All of this makes the roaming undead, all the more terrifying — with the worst part being, draugar rarely kill their victims right away.
These reanimated corpses find delight in suffering. To them, the more trauma and pain, the better.
Unfortunately, humans aren’t the only ones at risk of the murderous ways of the draugr.
These Norse monsters are also known for devastating livestock and other animals by chasing them to death or sitting on top of them just until they are at the brink of suffocation, only to do it again and again.
Connection to Vampires?
Draugar and vampires have long been thought to be similar in more than a few ways.
One of which is their nocturnal nature.
Like vampires, draugar are night hunters — though, there is no known text, saying that they are vulnerable to sunlight.
Both of these revenant monsters are also believed to pay visits in order to put an end to an unfinished business — making them quite interesting subjects for people whose views differ on whether supernatural reanimation retains the personality and memories of the being-in-question.
However, out of all of their similarities, it is perhaps the shared transmissibility — which is the hallmark of vampirism — that makes the most sense for a lot of scholars, like literary anthologist Andrew Lang.
Just like the victims of the famous bloodsuckers, victims of draugar are believed to turn into draugar, themselves — which, in some stories, results in a long “chain of contagion” among people.
In spite of that, others still reject the parallelism attributed to draugar and vampires — even saying that it is “unnecessary” since the modern zombie actually bears more resemblance to the Nordic monster.
HOW A DRAUGR IS CREATED
Author Ármann Jakobsson says that “most medieval Icelandic ghosts are evil or marginal people“.
This adds an important layer into the lore of the draugr — implying that, while some are cursed to become an undead, in a lot of cases, draugar are walking remnants of people who died after a life full of greed or spitefulness.

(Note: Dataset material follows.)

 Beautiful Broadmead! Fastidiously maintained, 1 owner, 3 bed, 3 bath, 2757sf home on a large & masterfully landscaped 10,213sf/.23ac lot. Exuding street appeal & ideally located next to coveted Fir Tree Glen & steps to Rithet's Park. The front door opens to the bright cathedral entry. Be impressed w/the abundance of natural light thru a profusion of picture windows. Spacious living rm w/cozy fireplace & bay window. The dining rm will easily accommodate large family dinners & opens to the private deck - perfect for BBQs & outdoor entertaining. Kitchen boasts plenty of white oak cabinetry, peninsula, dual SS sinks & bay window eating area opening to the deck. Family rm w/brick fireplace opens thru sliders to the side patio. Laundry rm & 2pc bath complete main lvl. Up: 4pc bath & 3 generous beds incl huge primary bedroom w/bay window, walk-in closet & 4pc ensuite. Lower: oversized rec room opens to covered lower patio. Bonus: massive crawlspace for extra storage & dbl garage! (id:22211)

If viewed in this light, they may be quite similar to Oni of Japanese lore. Yet, Oni are typically depicted as bright-colored demons, while draugar are mostly pitch-black, pale white, or death-blue.

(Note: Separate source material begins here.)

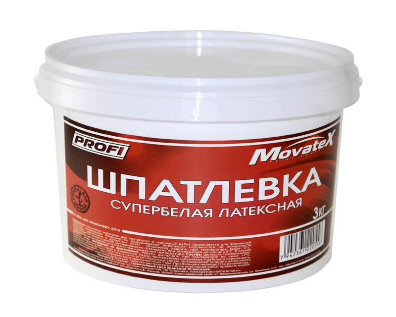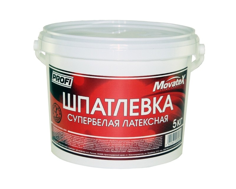 Шпаклевка Movatex PROFI латексная супербелая, атмосферовлагостойкая; не мелит; прочная гладкая матовая поверхность
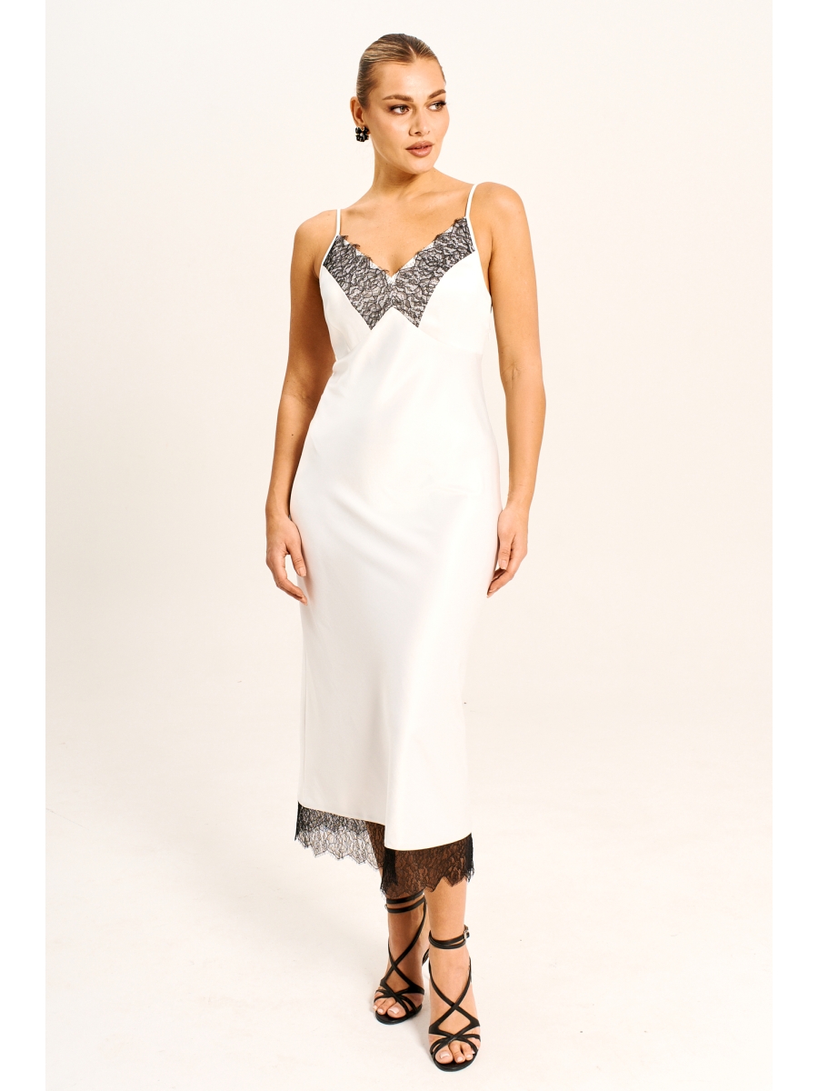 Платье - миди прилегающего силуэта выполнено из струящегося шелк - сатина на регулируемых бретелях и молнией в боковом шве. Подрезы по линии груди и низу платья дополнены мягким французским кружевом, которое держит форму. Платье полностью соответствует заявленному размеру.

It is said that a key sign that a deceased person will turn into a draugr is when their corpse is suddenly found standing upright or in a sitting position.
In order to prevent that, Jakobsson notes that someone has to break the corpse’s posture.
Just be careful, though! Those who would try to do that can unknowingly be doomed by the draugr’s evil eye.
Coping with the Fear of the Draugr
Similar to countless other ancient civilizations, the Norse also valued the concept of life after death.
That played a significant part in their custom and belief — even stretching to their folktales and oral tradition.
And in some ways, the lore of the draugr was a fruit of that.
Medieval-era Scandinavians believed that even after the passing of an individual, their body could still move — more so, harm — other people.
That is likely the reason why there are is archeological evidence of damaged weapons buried along with human remains.
Other believers of the lore also placed large boulders above graves — at times, even directly atop the corpses to immobilize them.
Of course, these only account for two of the ways people could prevent a draugr from attacking.
There are still several allegedly effective practices, such as making use of iron weapons; putting heaps of straws or twigs inside a dead person’s clothes; tying the big toes together and skewering the soles with needles to keep the deceased from getting up; lifting and lowering the coffin in different directions to confuse a potential draugr; properly bricking up tombs; and making special holes in walls to carry the corpse through, feet-first, in an attempt to avert a return.
Though, it is said that the best way to completely finish off a draugr is to cut off the head, burn the body, and dump the remaining ashes in the middle of the sea.
But, since draugar are generally considered to only be byproducts of the past Nordic culture, when all is said and done, it was — perhaps — not really the monster that ancient people were trying to get rid of.
For all we know, it could be what draugar reminded them of:
Death, wasting, and their culture’s perennial kinship with those who have departed.